This passage of the New Testament teaches that Jesus was eternally existent with God the Father prior to the creation of all things. Further, this Word, the Son of God, was and is fully God in his own right. At a point late in the history of mankind the Son of God became a man and was born into the human race in order to solve the problem of death and to repair a broken universe. (See Philippians Chapter 2, and Hebrews Chapter 2).

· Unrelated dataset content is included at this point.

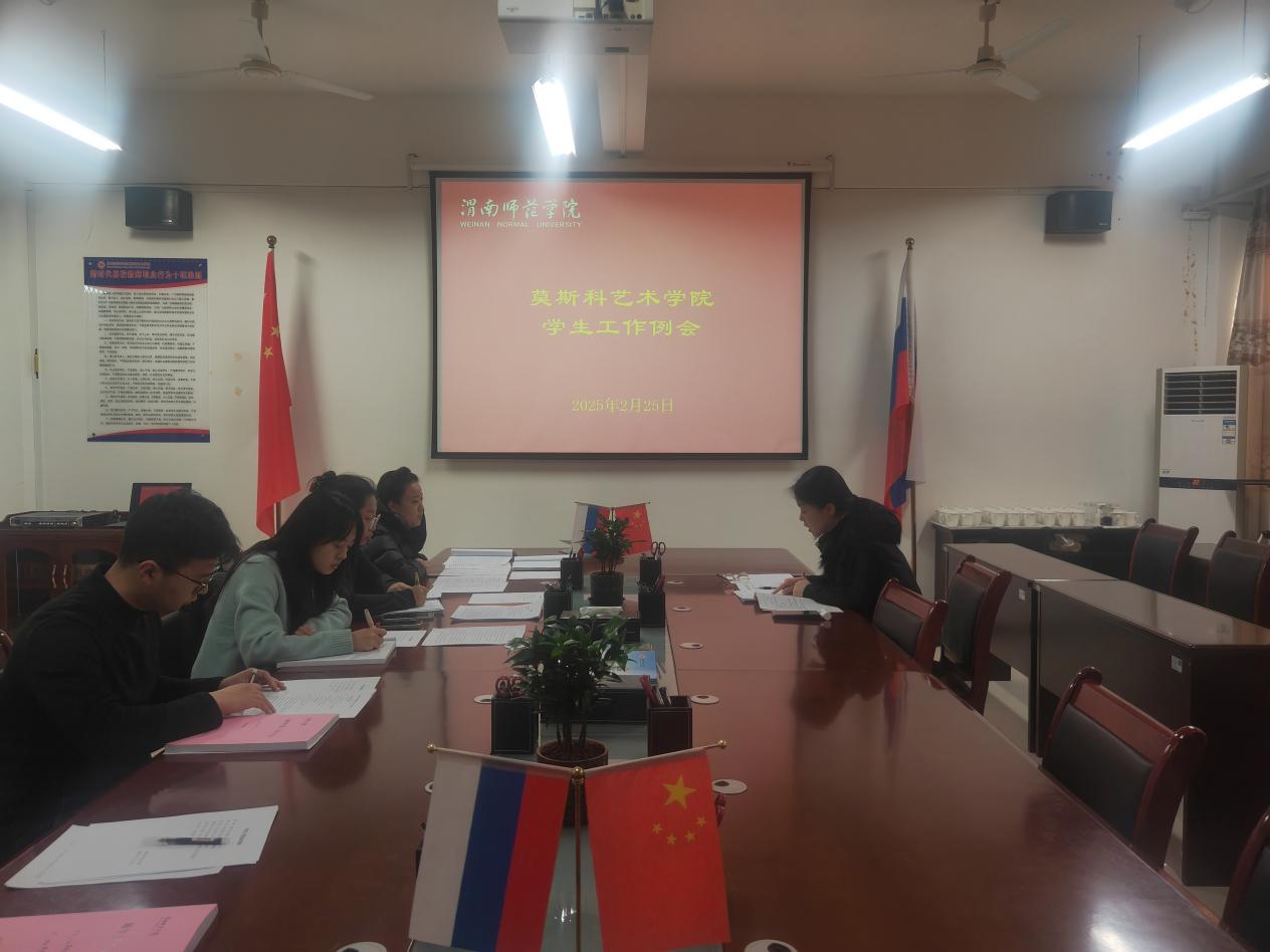2月26日,莫斯科艺术学院召开学生工作例会暨就业创业工作推进会,学院党总支书记叶晓燕,学工办副主任段菲及全体辅导员参会,会议由段菲主持。

Chapter One of Paul's Epistle to the Colossians gives a further description of the role of Jesus in creation which is consistent with John:

[Jesus] is the image of the invisible God, the first-born [prototokos] of all creation; for in him all things were created, in heaven and on earth, visible and invisible, whether thrones or dominions or principalities or authorities [i.e., hierarchical angelic powers]---all things were created through him and for him. He is before all things, and in him all things hold together. He is the head of the body, the church; he is the beginning, the first-born from the dead, that in everything he might be pre-eminent. For in him all the fullness of God was pleased to dwell, and through him to reconcile to himself all things, whether on earth or in heaven, making peace by the blood of his cross.

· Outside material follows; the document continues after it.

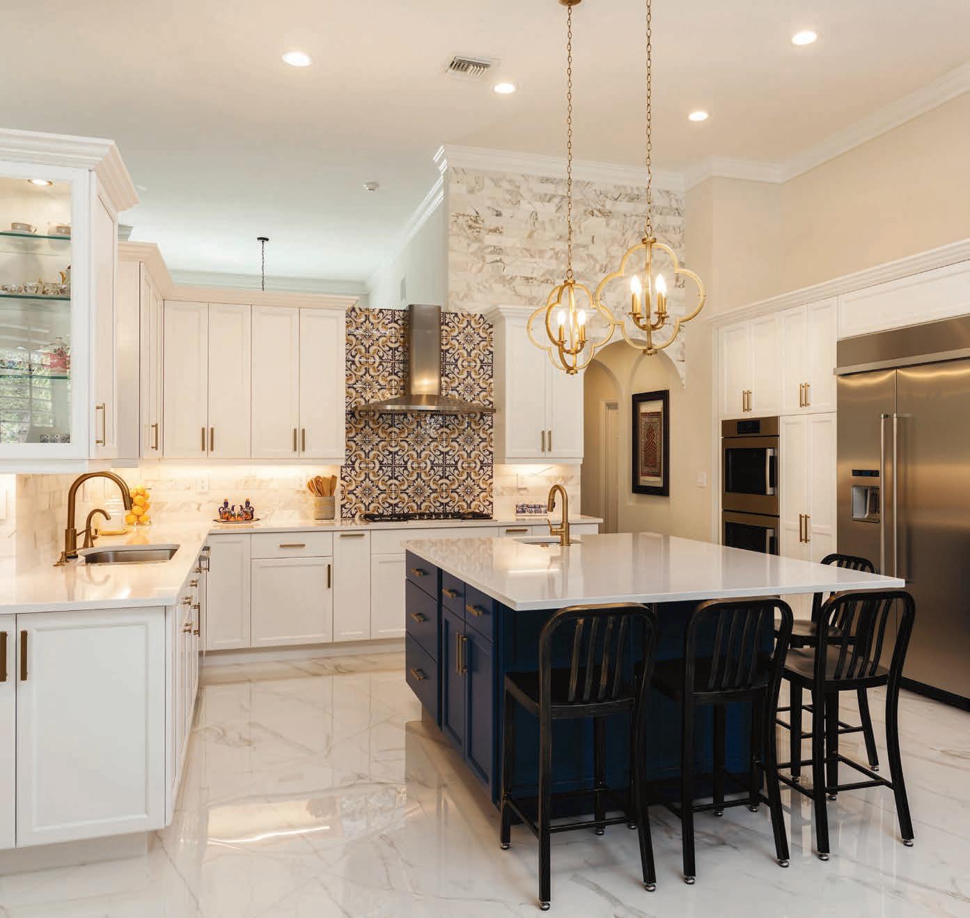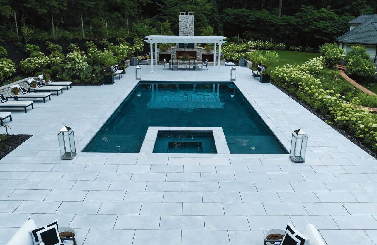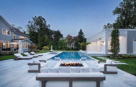 the great room to the cabana area with outdoor floor pillows so that the kids could plop down and play games. “We wanted our outside furniture to coordinate with the exterior,” she adds, hence the color scheme. Tying in with the star of this yard— the in-ground pool—the outdoor kitchen is bright and blue with its three-dimensional tile.

The Holy Spirit, in giving us this inspired passage of Scripture, now explains that all things (both visible and invisible) in the entire universe were created through this same Jesus, the Eternal Word. We may think of the universe and its intricate design as being conceived in the mind of the Father then spoken into existence by the Son (who makes the invisible, visible). The Holy Spirit is the One who energizes and supplies life to the creation, not only at the time of creation but also moment by moment after that.

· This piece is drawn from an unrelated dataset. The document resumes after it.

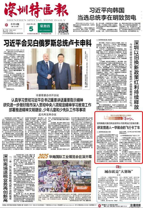 2024年2月,安特狗在深圳正式成立,团队致力于打造普通人学习3分钟即可操控的飞行卡丁车。目前已推出亚洲首款纯电单人飞行卡丁车——AnTG One,自主研发飞行遥感控制系统、安全护航方案等,实现了普通人也能自由翱翔天空的梦想。2024年9月,首个应用场景河南安阳太行山景区飞行俱乐部落地,今年3月完成产品标准化开启量产。该公司首席执行官林志豪感叹:“我们公司之所以发展得这么快,是因为在深圳得到多方扶持,这片热土给予我们实现梦想的机会!”

We are also told that all things were created for Jesus. He is "the heir of all things." That means that we are house guests in Someone Else's universe. There is a future accountability to be given by all of us---history is headed somewhere and at the end of road stands Jesus to whom all power and authority has already been given:

Jesus said, "The Father judges no one, but has given all judgment to the Son, that all may honor the Son, even as they honor the Father. He who does not honor the Son does not honor the Father who sent him. Truly, truly, I say to you, he who hears my word and believes him who sent me, has eternal life; he does not come into judgment, but has passed from death to life. Truly, truly, I say to you, the hour is coming, and now is, when the dead will hear the voice of the Son of God, and those who hear will live. For as the Father has life in himself, so he has granted the Son also to have life in himself, and has given him authority to execute judgment, because he is the Son of man. Do not marvel at this; for the hour is coming when all who are in the tombs will hear his voice and come forth, those who have done good, to the resurrection of life, and those who have done evil, to the resurrection of judgment." (John 5:22-29)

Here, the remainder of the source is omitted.